Description of the task: Retype the records below exactly as given, but only from the first line through the line with "Marks Obtained |", and without the pictures.

== Provided entries ==

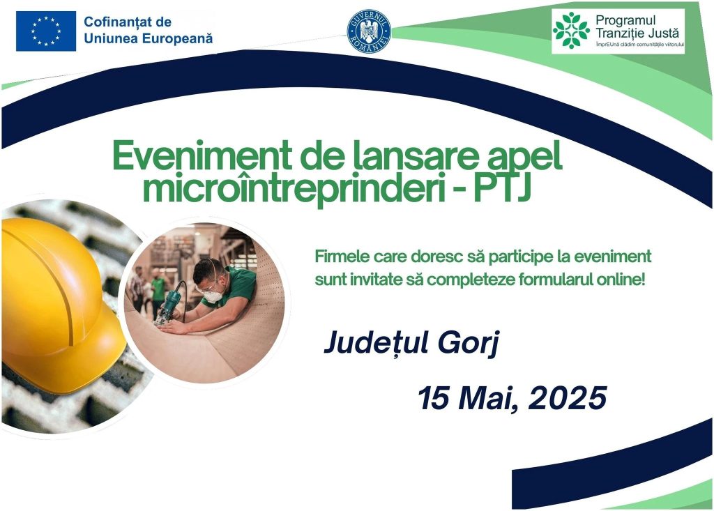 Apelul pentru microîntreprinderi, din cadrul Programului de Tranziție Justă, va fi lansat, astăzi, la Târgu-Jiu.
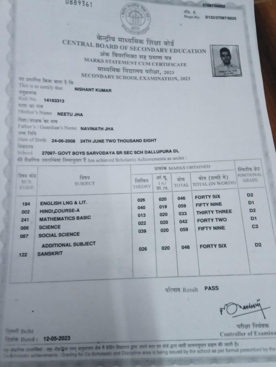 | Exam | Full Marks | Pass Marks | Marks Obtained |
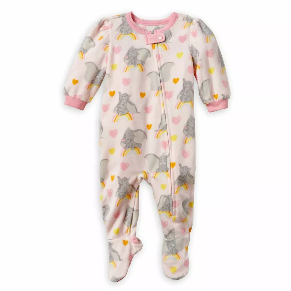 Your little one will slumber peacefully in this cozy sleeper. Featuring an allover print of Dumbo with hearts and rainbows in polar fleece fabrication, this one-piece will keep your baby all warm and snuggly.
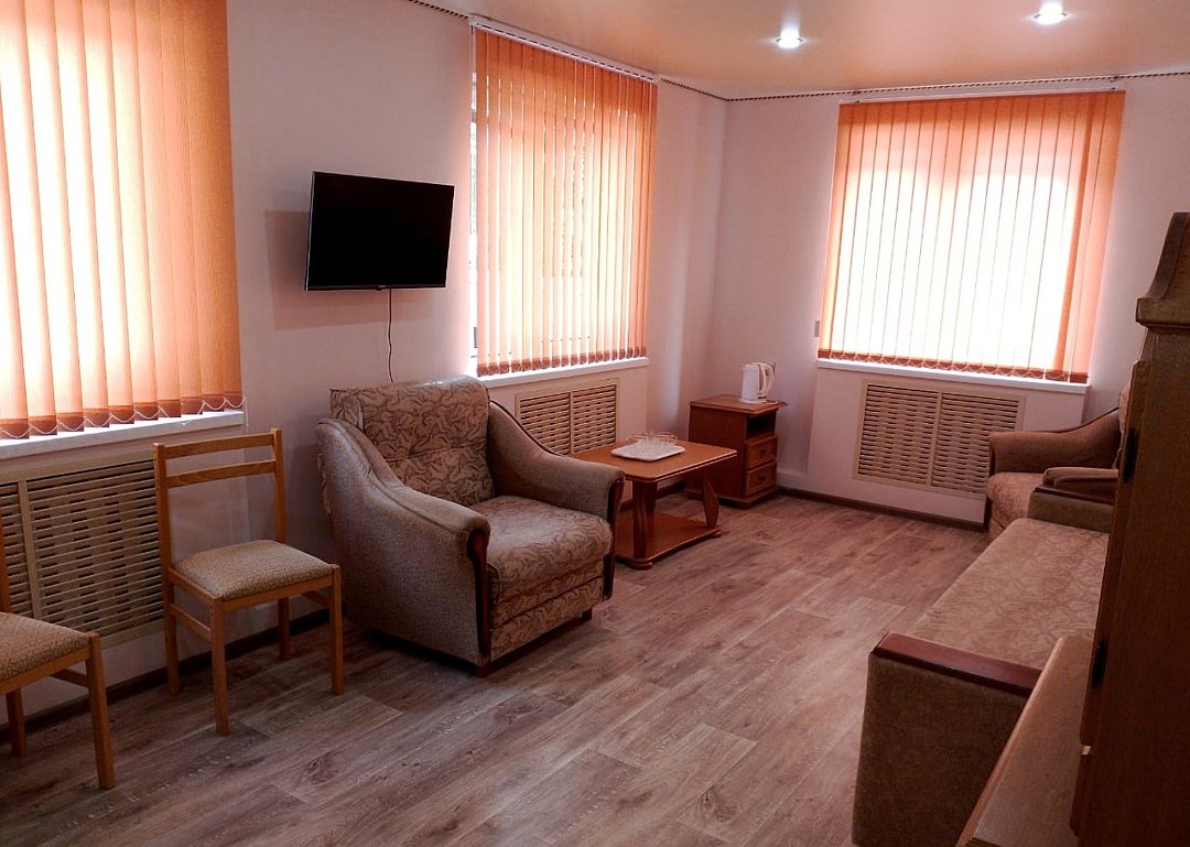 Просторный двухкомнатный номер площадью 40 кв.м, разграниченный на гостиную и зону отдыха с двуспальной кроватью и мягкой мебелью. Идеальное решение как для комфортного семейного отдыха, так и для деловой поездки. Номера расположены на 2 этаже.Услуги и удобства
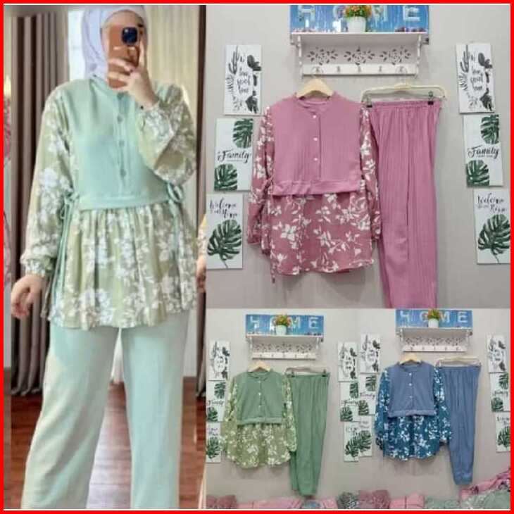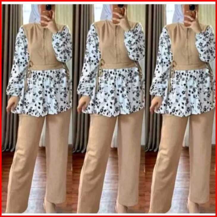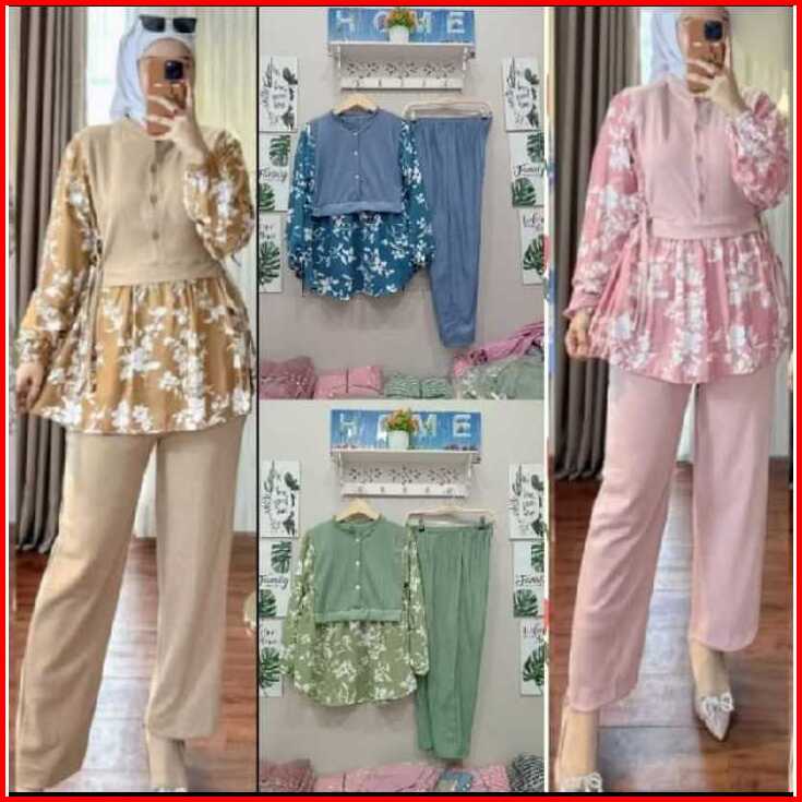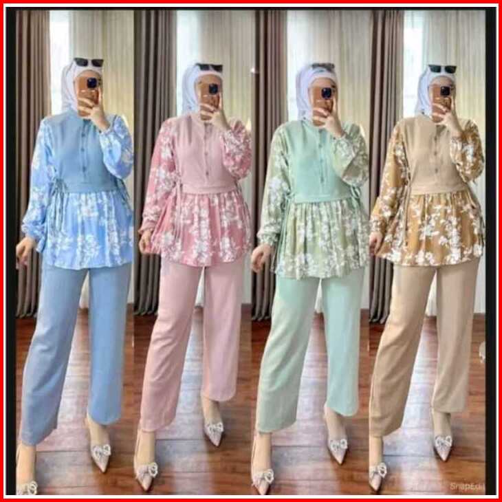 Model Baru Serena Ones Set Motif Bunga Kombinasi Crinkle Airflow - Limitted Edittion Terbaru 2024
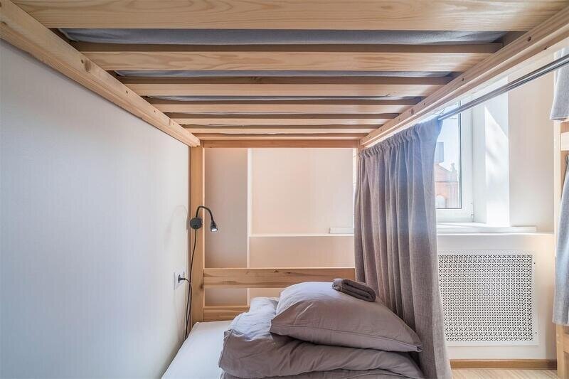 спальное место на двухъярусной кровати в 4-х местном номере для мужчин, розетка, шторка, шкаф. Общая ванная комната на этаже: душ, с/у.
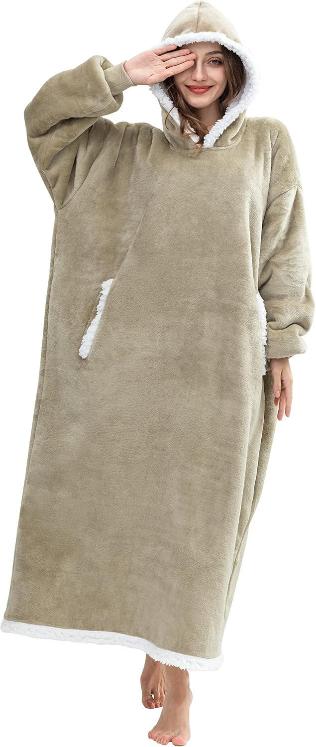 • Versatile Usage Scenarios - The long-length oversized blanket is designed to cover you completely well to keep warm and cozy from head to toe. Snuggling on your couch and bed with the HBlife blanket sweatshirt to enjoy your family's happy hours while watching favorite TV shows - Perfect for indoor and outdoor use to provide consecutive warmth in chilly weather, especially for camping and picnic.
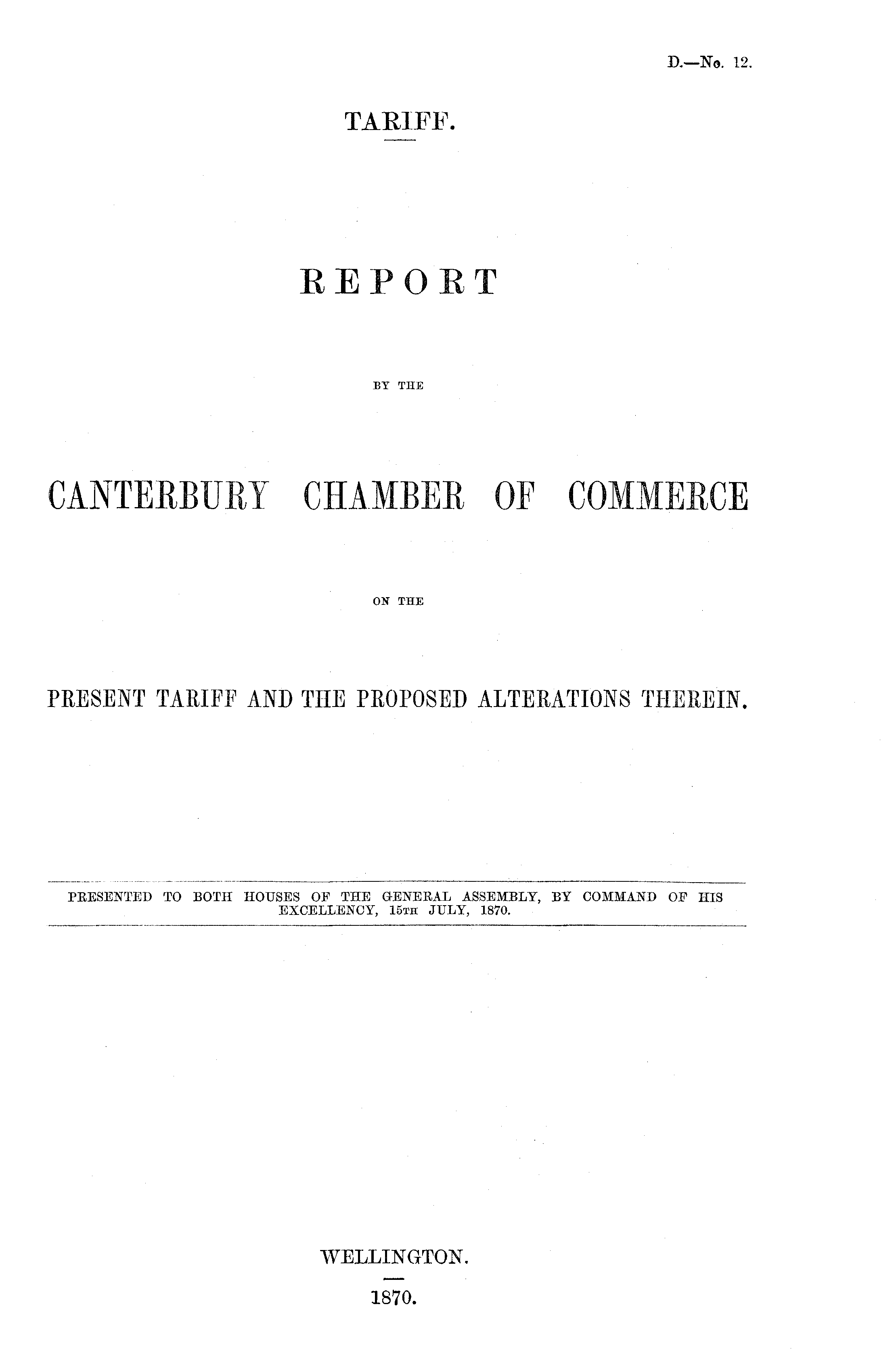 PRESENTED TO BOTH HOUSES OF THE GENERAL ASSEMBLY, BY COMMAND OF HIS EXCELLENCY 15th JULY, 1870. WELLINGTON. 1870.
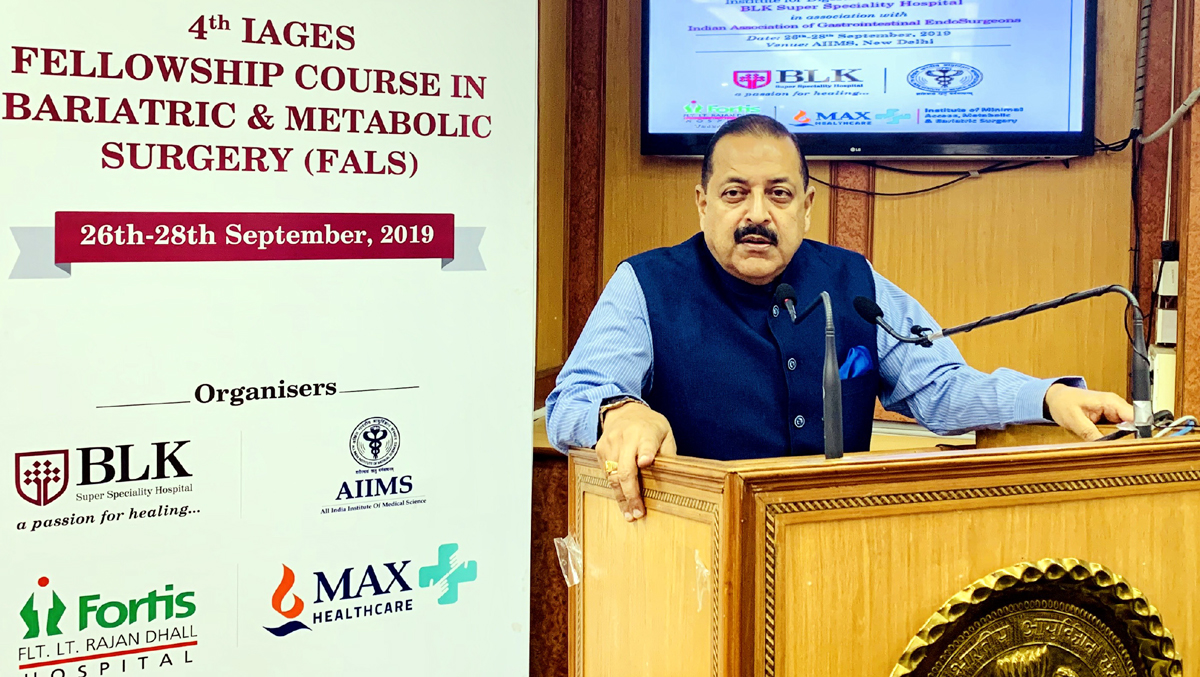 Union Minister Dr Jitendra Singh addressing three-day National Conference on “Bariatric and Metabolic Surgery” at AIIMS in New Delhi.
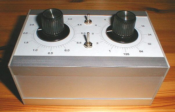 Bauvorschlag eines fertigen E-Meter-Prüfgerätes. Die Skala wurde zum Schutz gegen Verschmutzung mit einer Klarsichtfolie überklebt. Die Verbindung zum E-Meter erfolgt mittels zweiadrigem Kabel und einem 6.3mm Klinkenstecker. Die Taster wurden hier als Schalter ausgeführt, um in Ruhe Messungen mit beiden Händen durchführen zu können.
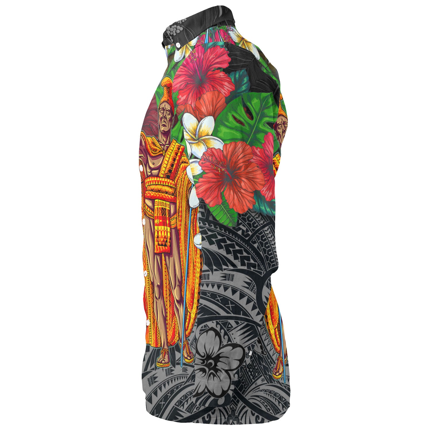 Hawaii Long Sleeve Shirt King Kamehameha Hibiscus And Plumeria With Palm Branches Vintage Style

===

Exercise output:
 Apelul pentru microîntreprinderi, din cadrul Programului de Tranziție Justă, va fi lansat, astăzi, la Târgu-Jiu.
 | Exam | Full Marks | Pass Marks | Marks Obtained |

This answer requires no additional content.